The ability of each reconstruction method to suppress image noise, without in turn suppressing the PET‐unique regions was also assessed through tumor mean vs white matter standard deviation curves (Fig. 5). These graphs show the improvement attained by the anato‐functional method, HKEM and to lesser extent, KEM LVS relative to the other MR(only)‐informed reconstruction methodologies for the high‐intensity tumor regions B and D. The anato‐functional method and HKEM can achieve mean values similar to that of unsmoothed MLEM for the high‐intensity PET‐unique regions, while markedly reducing the standard deviation across the white matter region. All MR‐informed and PET‐MR‐informed methods also lead to a reduction in the white matter mean and an increase in the gray matter mean in comparison with MLEM (Fig. 5, bottom row), as expected for methods that reduce the PVEs in these regions. This demonstrates the capability of MR‐informed methods to counteract PVEs that cause spill‐out effects for high‐intensity regions. The PET‐unique regions of A and C appear to have insufficient intensity to really benefit from the inclusion of PET information in the PET‐MR‐informed methods, with both the MR‐informed and PET‐MR‐informed methods producing similar tumor mean vs white matter standard deviation curves (Fig. 5, top and middle rows), as such, the information that can be drawn from the PET‐unique regions A and C is limited.
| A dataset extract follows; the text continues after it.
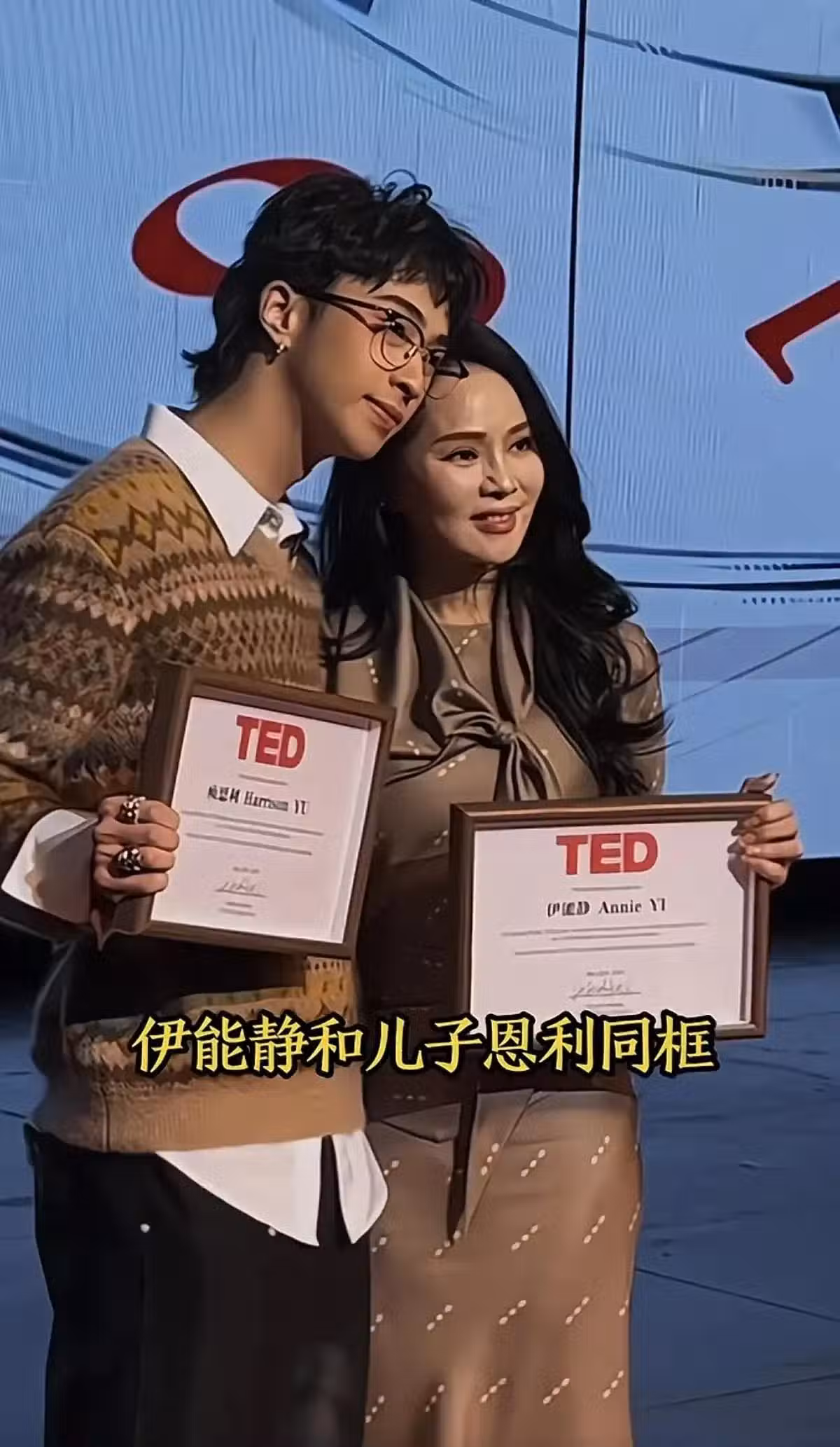 本次活動是恩利獲獎了,作為媽媽的伊能靜過來陪他領獎,並且在台上曬獎狀合影。

3.1.2. Simulation studies low counts

Figure 6 (columns 2 and 3) shows the NRMSE and SSIM trade‐off curves between the PET‐unique (averaged over the four PET‐unique regions) and whole brain regions, for the low count (10⁷) simulated dataset. Both the NRMSE and SSIM plots show KEM LVS performing better than the other reconstruction methods, achieving both an improvement in whole brain and PET‐unique region image quality in comparison with unsmoothed MLEM. This trend can also be clearly seen in the bias (for tumor regions B and D) vs whole brain standard deviation plot (Fig. 6 column 4), with KEM LVS achieving the lowest tumor bias for a fixed whole brain noise level. The Bowsher method also performs well, when evaluated in terms of NRMSE trade‐off (Fig. 6 column 2), but less so if evaluated in terms of SSIM trade‐off (Fig. 6, column 3) or bias vs standard deviation trade‐off (Fig. 6, column 4) where instead the HKEM performs better than the other methods excluding KEM LVS.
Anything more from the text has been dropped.